With more than 17 years of experience in human resources department across global organizations in Software Product Development , Banking, Entertainment & Consulting , Sahana Shetty has helped organizations build unique cultures. Currently, Sahana is the HR Leader for Technology at ANZ. Her forte includes Digital and Agile transformation, HR Analytics, HR Consulting, and Leadership Development.
Here, Sahana tells us about the trends and buzz surrounding the vibrant field of analytics, and what goes into being a well-versed data scientist.
Analytics India Magazine: Is ‘Data Scientist’ the sexiest job of the 21st century?
Sahana Shetty: That’s debatable. This was actually quoted by the Harvard Business Review way back in 2012. They analyzed some interesting data points from LinkedIn and other companies. Reid Hoffman the co-founder of Linkedin , believed in the power of analytics. He empowered his team to not follow the traditional product development lifecycle but release short ads which will have a bigger impact on revenue. One of them were pop-ups, which increased the footage by 30 percent and had a direct impact on the revenue. Similar trends were noticed across organizations like Google, Facebook and Amazon.
Over the years, the role of data scientist has evolved. If you look at the McKinsey report, it was written very well in terms of the need for a data scientist that can be questioned, especially in the business coming out there. The role of a business translator comes more into the picture, someone who bridges the gap between data science and business. That’s how this ecosystem has evolved.
While it is important to have data scientists, however there is a need to have various skill sets — be it in AI and machine learning as the industry is evolving. There is a talent crunch and there’s always a solution to it. When there is a problem, the ideal solution from a technology company is to introduce ‘everything as a service’. Data and machine language is now a service too. Keeping in mind the talent requirements and the infrastructure, companies like Amazon came up with Amazon Web Services (AWS), Google has its AI platform and IBM has Watson. These empower service organisations, for that matter, even startups who would not have the capability or infrastructure to depend on this as a service.
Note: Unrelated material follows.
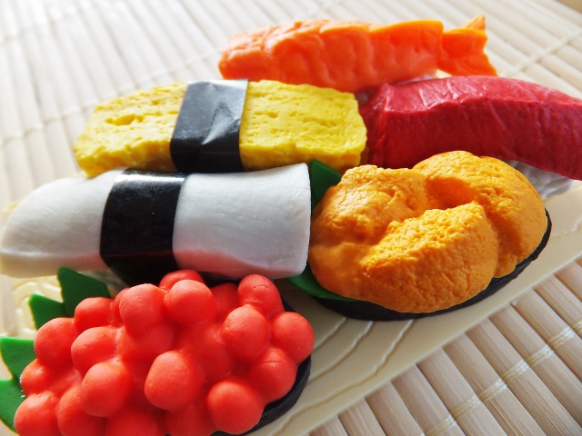 Another omiyage idea are sampuru (サンプル, sample), plastic replicas of food, which you will often see in the display window next to the entrance of restaurants with the aim of showing by passers the dishes offered on the menu. These plastic hand-painted replicas are nicely detailed and have an artistic efficiency you will appreciate when looking at them with the added effect of instantly increasing your appetite. A bowl of ramen (traditional soup with noodles and pork broth) might be a bit too big and heavy, but a portion of sushi, Japanese sweets and many other elements of Japanese cuisine are an unexpected gift that allow you to continue telling your stories about the trip. Some are even converted into key chains!

So, the industry has evolved over the years.
AIM: There is a lot of buzz about analytics, big data and AI around the industry. Do you think these are mere buzzwords or are we actually seeing an analytics revolution in IT?
SS: Let’s consider the banking industry. ANZ is focused on creating a very simple banking experience for our customers. It’s important for us to develop tools or services that are more personalised, differentiated and provides a better customer experience. So, AI plays a critical role in this transformation we at ANZ are going through currently.
Now if you look back, there was a study done by IBM where they reached out to Executives to understand the impact of AI. It was interesting that 97 percent of the Executives felt that AI is going to be disruptive and 96 percent of them did contribute to AI saying that they are going to go ahead and invest in cognitive capabilities, which is again a huge percentage.
AIM: Do you think Data Scientists are expensive and difficult to find?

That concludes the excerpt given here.